処理がリアルタイムで実施される場合、人間では実行が不可能な処理だと主張しやすくなるため、クレームに「リアルタイム処理」といった要素を盛り込むことで、101条拒絶を克服できる可能性があるという指摘もあった。ただし、このような記載が全ての事例で有効となるわけではない。

25年のデジャルダン事件では、機械学習モデルのトレーニング方法に関する出願について、特許審判部(PTAB)が抽象的概念に該当するとして101条拒絶とする判断を下した。

その後、USPTOのジョン・A・スクワイアーズ長官を含む上訴審査パネル(ARP)が招集され、この発明が単なる数学的アルゴリズムにとどまらず、AIモデルの性能を向上させる技術的改良を実現しているとして、PTABによる101条拒絶を取り消した。

この事件では、司法上の例外を実用的応用に統合しているか否かを判断するうえで、技術的課題に対する技術的解決策を明細書に記載することの重要性が示された。

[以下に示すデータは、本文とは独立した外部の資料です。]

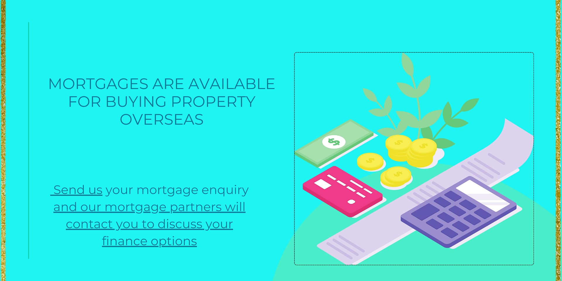 Mortgages are available for UK residents who want to purchase a property overseas, our mortgage partners can contact you to discuss your finance options

101条拒絶を回避するためには、請求項に技術的に意味のある改善や実用性を示すことが必要だ。その際、AIによる判断結果を用いて物理的装置やシステムを「制御する」要素を含めることで、実務的応用性が認められやすくなる可能性がある。

AI関連発明の発明者要件については、人間の貢献度が論点になることが多い。米国では証拠とするため、AIの利用に関して随時記録を取っている企業が多い。